Dataset excerpt:
┌──

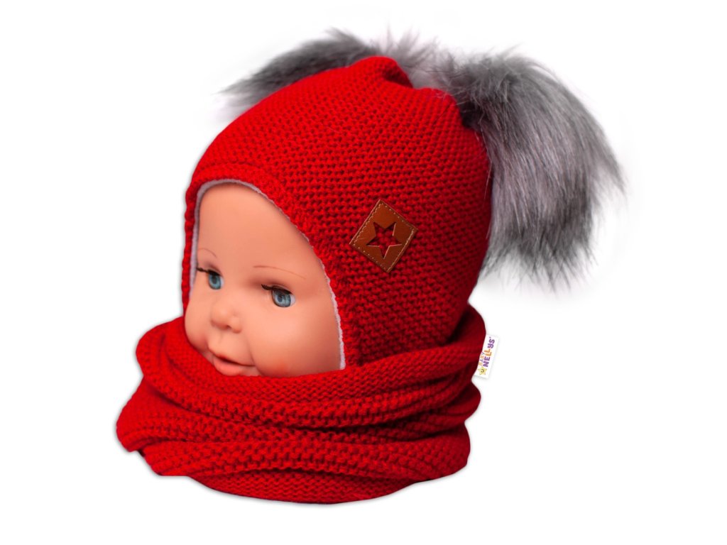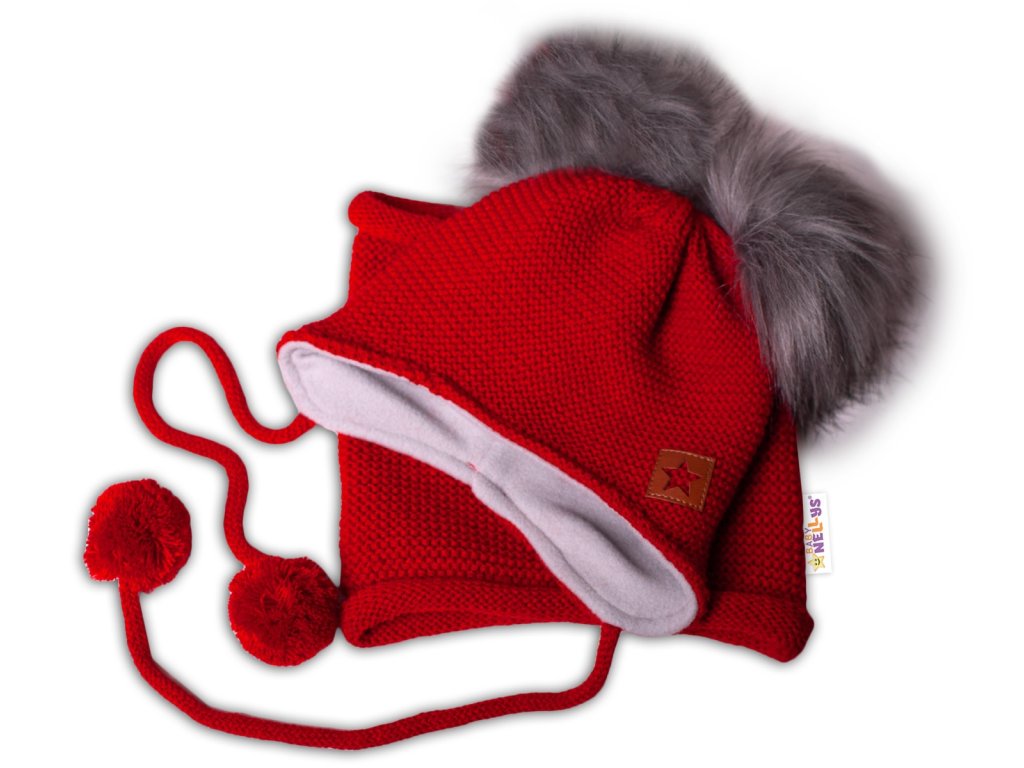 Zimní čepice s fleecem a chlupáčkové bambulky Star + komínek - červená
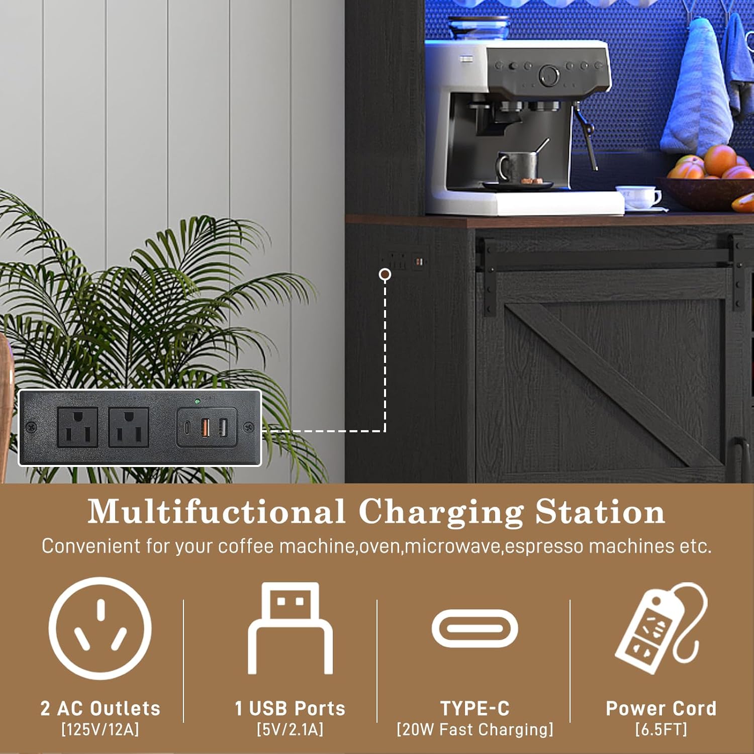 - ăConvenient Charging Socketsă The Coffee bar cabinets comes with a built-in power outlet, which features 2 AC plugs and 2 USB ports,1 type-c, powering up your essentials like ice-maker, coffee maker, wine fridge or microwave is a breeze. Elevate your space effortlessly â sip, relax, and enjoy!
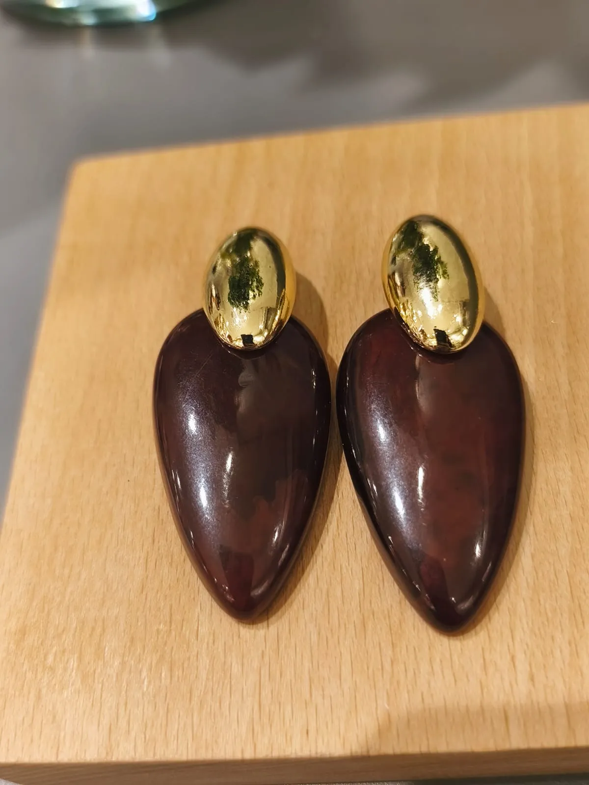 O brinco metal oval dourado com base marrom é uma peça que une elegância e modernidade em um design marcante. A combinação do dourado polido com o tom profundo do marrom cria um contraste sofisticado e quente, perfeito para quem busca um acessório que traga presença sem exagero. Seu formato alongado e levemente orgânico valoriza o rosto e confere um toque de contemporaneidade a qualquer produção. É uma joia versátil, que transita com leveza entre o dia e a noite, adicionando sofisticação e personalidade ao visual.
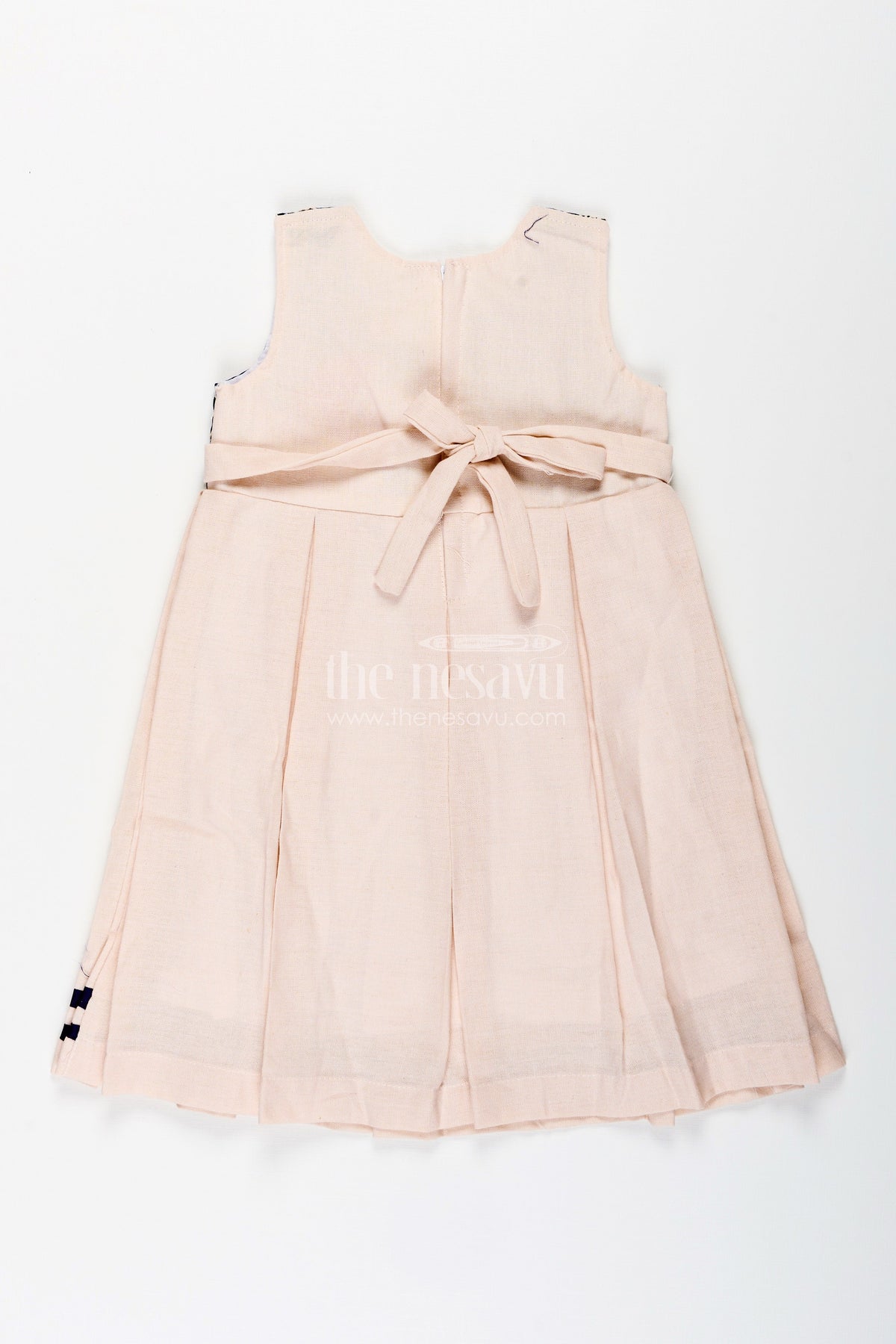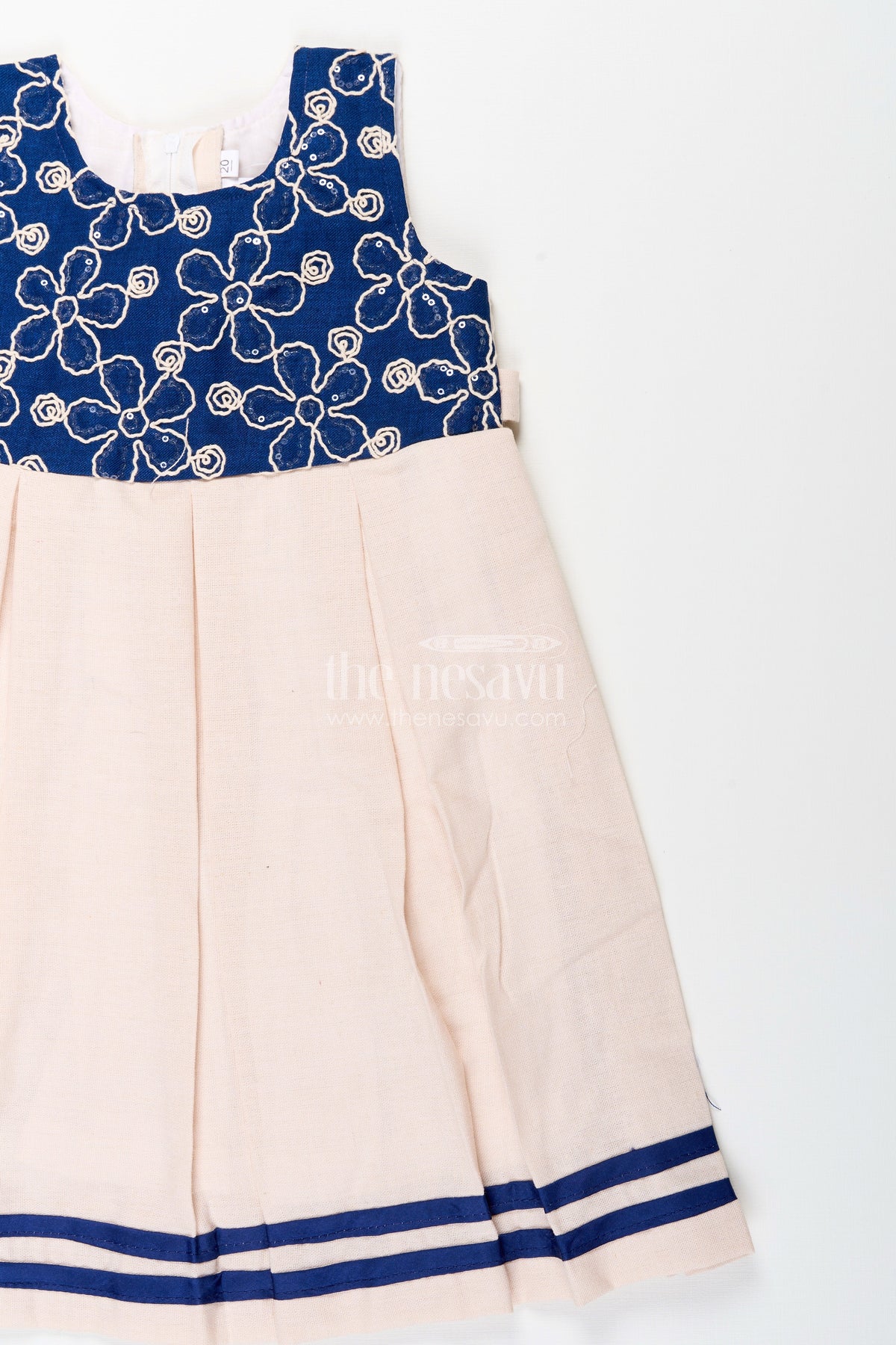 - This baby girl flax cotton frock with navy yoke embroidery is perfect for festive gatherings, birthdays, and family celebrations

└──

Exercise requirements: Repeat the listing in full and exactly. Do not include any images.

Solution to the exercise:
 Zimní čepice s fleecem a chlupáčkové bambulky Star + komínek - červená
 - ăConvenient Charging Socketsă The Coffee bar cabinets comes with a built-in power outlet, which features 2 AC plugs and 2 USB ports,1 type-c, powering up your essentials like ice-maker, coffee maker, wine fridge or microwave is a breeze. Elevate your space effortlessly â sip, relax, and enjoy!
 O brinco metal oval dourado com base marrom é uma peça que une elegância e modernidade em um design marcante. A combinação do dourado polido com o tom profundo do marrom cria um contraste sofisticado e quente, perfeito para quem busca um acessório que traga presença sem exagero. Seu formato alongado e levemente orgânico valoriza o rosto e confere um toque de contemporaneidade a qualquer produção. É uma joia versátil, que transita com leveza entre o dia e a noite, adicionando sofisticação e personalidade ao visual.
 - This baby girl flax cotton frock with navy yoke embroidery is perfect for festive gatherings, birthdays, and family celebrations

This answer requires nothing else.